The arrival last weekend of Black Adam and Ticket to Paradise was seen as the end of a slow post-Bullet Train period, one caused entirely by distributors not offering up a regular supply of (non-horror) big or at least big-ish theatrical releases. In truth, it was a brief boost amid a studio-caused slump that will continue until Black Panther: Wakanda Forever on November 11. It is another quiet weekend for newbies at the domestic box office, with one new wide release, a few Oscar season platform debuts, and some wide-release expansions.

The only new wide release was Lionsgate’s long-delayed Prey for the Devil. The PG-13 horror flick earned $7.025 million in 2,450 theaters, in line with cautiously optimistic forecasts. Considering the relative lack of buzz, expectedly lousy reviews (17% and 3.6/10 on Rotten Tomatoes), star-free cast and harsh scary season competition, this is almost halfway decent. The film, about the first female exorcist and her battles with a demon who tormented her as a child, got a C+ from Cinemascore, which is almost good for a low-profile horror flick. I expect it will be ancient history by the time it pops up on PVOD in a few weeks.

United Artists expanded Till into semi-wide release in its third frame. The acclaimed and Oscar-buzzy drama earned $2.81 million (+763%) in 2,058 theaters for a mediocre $1,366 per-theater average and $3.637 million 17-day total. A+ Cinemascore rating notwithstanding, unless it becomes a must-see film for Oscar watchers and related general audiences, and that could happen if Danielle Deadwyler gets a Best Actress nomination, we are looking at an under-$10 million domestic finish.

With all due respect, audiences wanting a big studio flick for/from/by/about empowered Black heroes will flock to the MCU sequel opening in two weeks. To be fair, and I say this with zero judgment, we saw likewise in 2016 when Nate Parker’s much-discoursed Birth of a Nation was ignored in favor of Antoine Fuqua and Denzel Washington’s popcorn-y but righteously angry The Magnificent Seven remake.

Likewise, justifiably rave reviews and bemusing social media discourse aside, Cate Blanchett’s TÁR is not precisely mainstream entertainment. I would have said that in 1994 as well, as I am old enough to remember critics and pundits decrying the lack of theatrical business for Quiz Show and Ed Wood. At least back then folks were showing up for Pulp Fiction. The 2.5-hour melodrama about a world-famous and top-of-her-field conductor dealing with skeletons in her closet and/or chickens coming home to roost, expanded to 940 theaters on weekend three.

The Focus Features release earned $1.02 million (+104%) over the weekend. That gives the Best Actress frontrunner (for now) a mere $938 per-theater average and a $2.5 million 17-day total. Searchlight’s The Banshees of Inishin expanded to 59 theaters for a $540,000 (+193%) weekend and a $9,152 per-theater average. The acclaimed and quite lovely Brendan Gleeson/Colin Farrell melodrama has earned $790,760 in ten days. It’ll expand into 800 theaters next weekend. I highly recommend it.
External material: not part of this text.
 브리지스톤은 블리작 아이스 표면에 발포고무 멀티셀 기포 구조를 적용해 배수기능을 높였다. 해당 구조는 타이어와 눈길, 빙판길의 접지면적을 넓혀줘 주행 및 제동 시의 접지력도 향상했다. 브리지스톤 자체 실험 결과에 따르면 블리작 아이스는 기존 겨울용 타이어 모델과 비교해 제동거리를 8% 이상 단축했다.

Focus Features’ Armageddon Time debuted in five theaters yesterday to indifferent results. James Grey’s mostly acclaimed 80’s set melodrama stars Anne Hathaway, Jeremy Strong and Anthony Hopkins and at least tries to be a little less nostalgic than is usual for the sub-genre. I imagine if any (loosely autobiographical) coming-of-age drama breaks out commercially, it will be Steven Spielberg’s The Fabelmans over Thanksgiving weekend. Armageddon Time earned $72,000 over the weekend for a mere $12,000 per-theatre average.
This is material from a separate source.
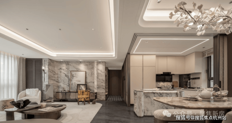 【海上·清和玺】希望业主的每一次归家,都能有属于自己的社交空间。整个前厅的接待空间不是一个过渡空间,而是一个真正为归家营造惬意分享的生活场。
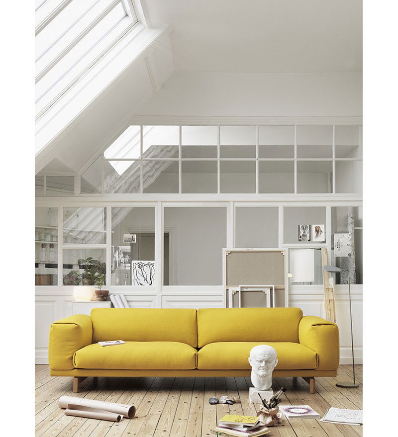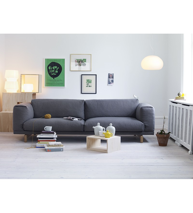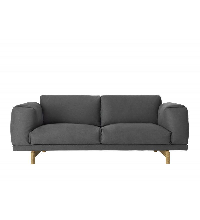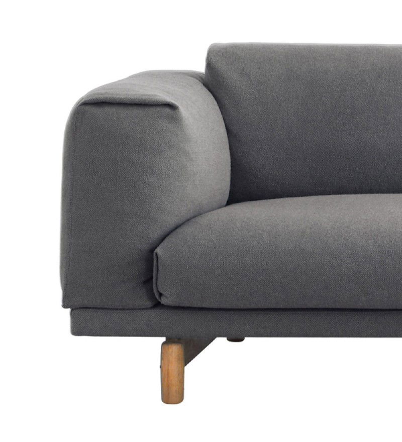 REST jest zbudowana z wysokiej jakości materiałów: stalowej podstawy z litymi dębowymi nóżkami, drewnianej konstrukcji oraz wypełnienia z zimnej pianki oraz naturalnego pierza. Sofy Rest tapicerowane są najwyższej jakości tkaninami.

Nobody is expecting big bucks from films like Triangle of Sadness ($2.28 million in 24 days), Aftersun ($166,030 in ten days) or Decision to Leave ($807,000 after 17 days). Never mind the over/under $70 million cumes of The Woman King or Everything Everywhere All at Once, I am curious which of this season’s awards contenders can at least make as much as David O. Russell’s mega-bomb Amsterdam ($14.6 million) or even Terrifier 2 ($7.6 million and rising).